Gov. Angus S. King Jr. is proposing that the state phase out its $1 million-a-year commitment to the program started by his predecessor. Mr. King would leave enough funding for next year’s senior class to graduate, but none to enroll a new class next fall in the two-year school.
“Given the fact that all education is hurting, he didn’t think it was the right time to embark on a new, fairly expensive program,” said Dennis Bailey, the governor’s communications director. “He’s not saying it’s a bad school. He didn’t think this was the time to have it.”
But the $667,000 that Mr. King, an Independent, proposed in his fiscal 1998 budget as money to see the current juniors through graduation would not be enough, the head of the school said.
“We wouldn’t be able to open the doors next year and have a quality program,” said Dottie DeSelle, the acting director of the Maine School of Science and Mathematics.
Compromise Sought
The legislature’s education committees are recommending a compromise.
They would fund the magnet school at current levels for two more years, but urge it to find federal and private money to ease the state’s burden for the long term.

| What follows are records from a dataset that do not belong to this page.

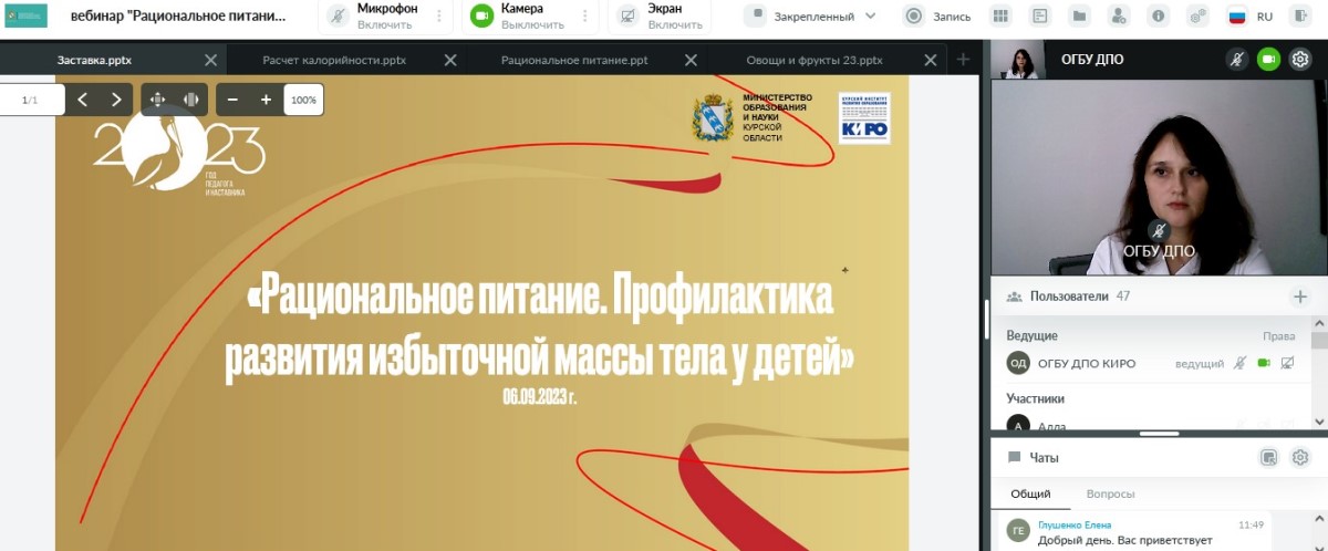 06 сентября 2023 года кафедрой естественно-математического образования ОГБУ ДПО КИРО совместно с медицинскими работниками ОБУЗ «Центр общественного здоровья и медицинской профилактики» в рамках межведомственного сетевого проекта «Здоровье – школе!» был организован и проведен просветительский семинар «Рациональное питание. Профилактика развития избыточной массы тела у детей». Участники семинара – педагогические работники образовательных организаций Курской области, сотрудники ОГБУ ДПО КИРО. Всего было 106 подключений.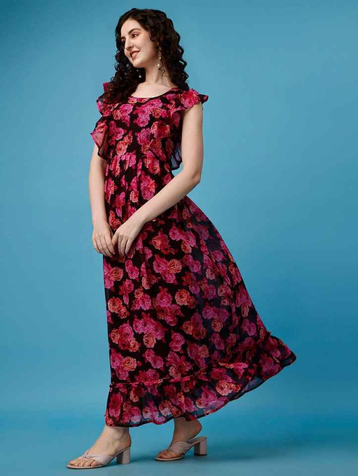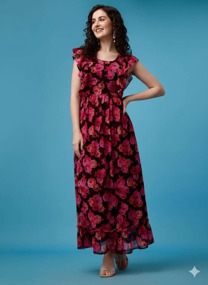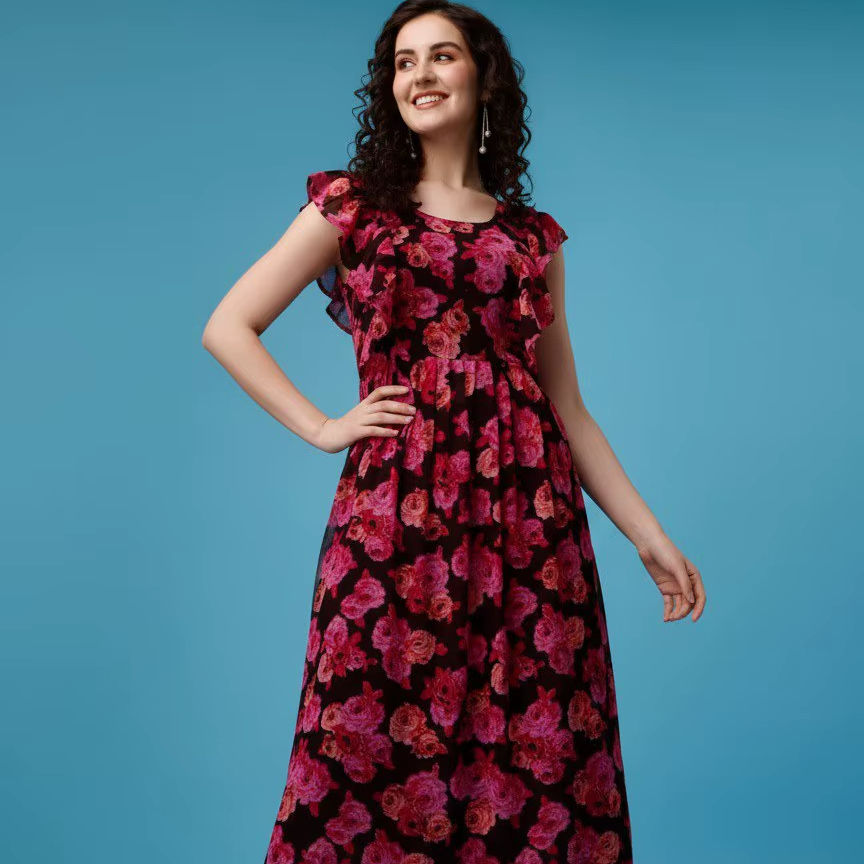 เดรสยาวพิมพ์ลายดอกไม้สีแดงเข้มของผู้หญิงผ้าจอร์เจ็ตผ้าเครปขนาด M L XL XXL ขายส่ง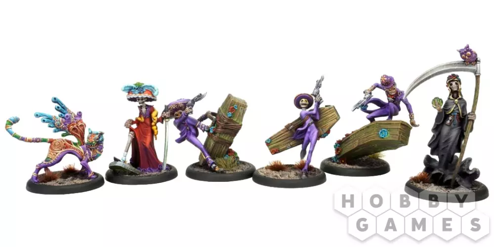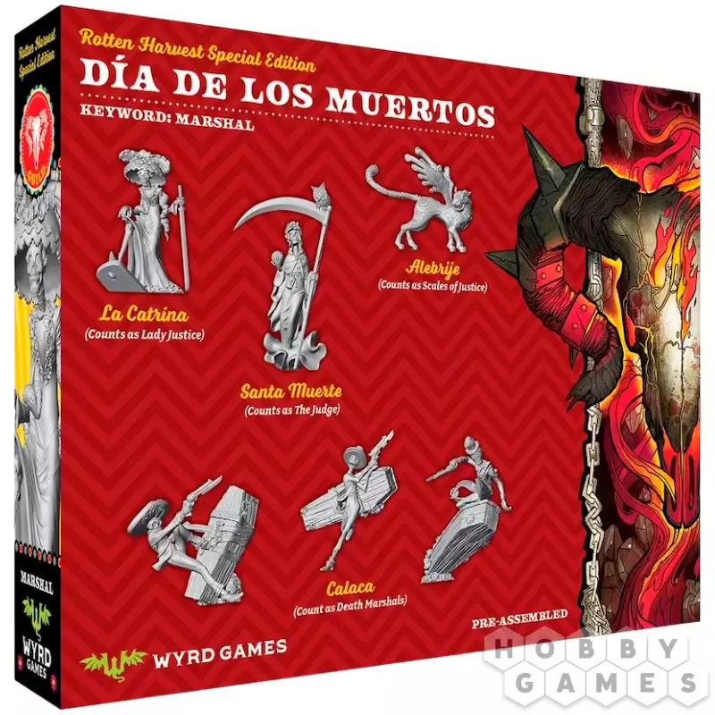Старая знакомая Lady Justice предстаёт в этой коробке в образе La Catrina: элегантно одетый скелет, которого традиционно можно увидеть на праздновании Дня мертвых. Santa Muerte заменяет собой Judge в облике того, кто дарует мёртвым вечный покой. Вместо Scales of Justice вы найдёте Alebrije, который был вдохновлён мексиканским народным искусством. Ну и команда не была бы полной без нескольких Calacas. Их резные гробы и ухмыляющиеся черепа заменяют Death Marshals.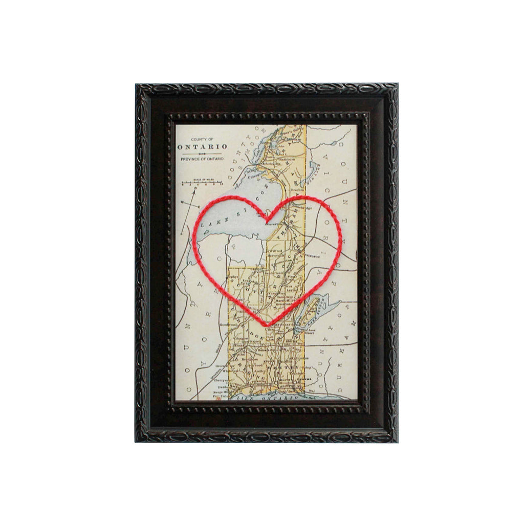 This vintage Ontario County, Ontario map print has been hand-embroidered with a red heart that symbolizes the places, people, and adventures you hold dear.
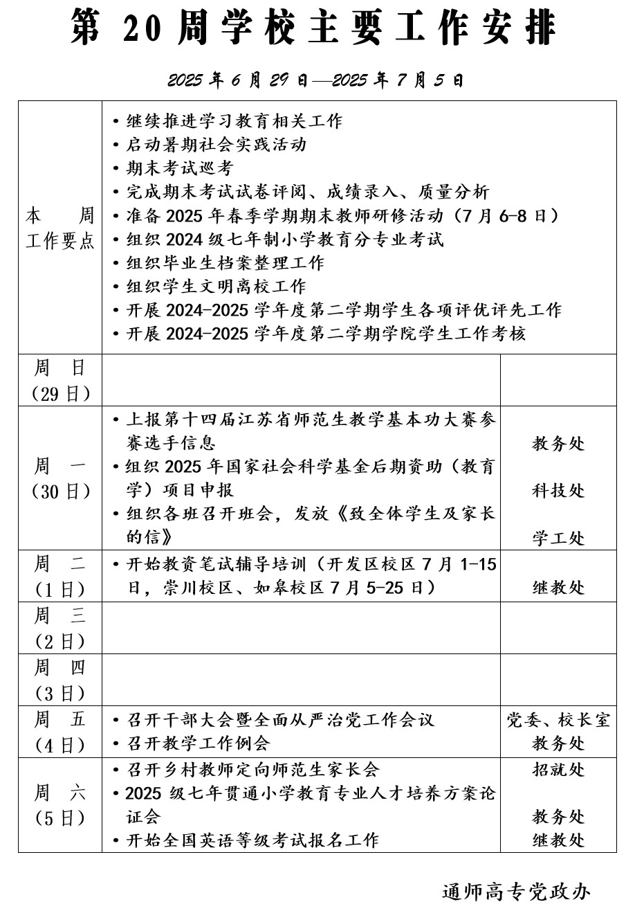 2024-2025学年第二学期第20周多盈体育(中国)主要工作安排

Appropriations committees may take up the issue this week.
The school might be eligible to win aid under the $51 million federal charter school program, officials said.
But Ms. DeSelle is not sure the school would be able to win enough grants to make up for a smaller commitment from the state.
“You have to have a track record before you can get federal funds or foundation funds,” she said. “It’s not something that’s going to happen in the next two years.”
The school might consider charging tuition on a sliding scale to pay expenses, Mr. Bailey suggested.
Tuition is now free, but the school charges $2,000 a year for room and board, Ms. DeSelle said.
Philosophical Issue
The school opened in 1995 with $2.1 million in the state’s two-year budget cycle that ends this July. The magnet school was an initiative of Gov. John R. McKernan Jr., who left office after the 1994 elections.
The former governor, a Republican, persuaded the legislature to create a magnet school after studying similar programs in 11 other states, Ms. DeSelle said.
The Maine school requires that students take English, humanities, and foreign languages, but they also can enroll in high-level courses such as linear algebra, inorganic chemistry, astronomy, and other subjects most Maine high schools don’t offer.
About 40 percent of this year’s graduates will leave the state to attend college.
Mr. McKernan chose the site in Limestone, located in the northeastern tip of the state about four miles from the Canadian border, because the town was reeling after Loring Air Force base closed.
The school leases a building the local schools vacated after a sudden dip in enrollment following the base closing. It also rents the district’s buses to ferry students home on vacations and long weekends.
Mr. King, the nation’s only Independent governor, recommended closing the school to help balance the financially strapped state’s budget.
But Mr. Bailey acknowledged that the governor also has “philosophical problems” with the magnet school.
“It’s essentially a prep school, but it’s state funded,” Mr. Bailey said. “You’re setting up a two-tier system.”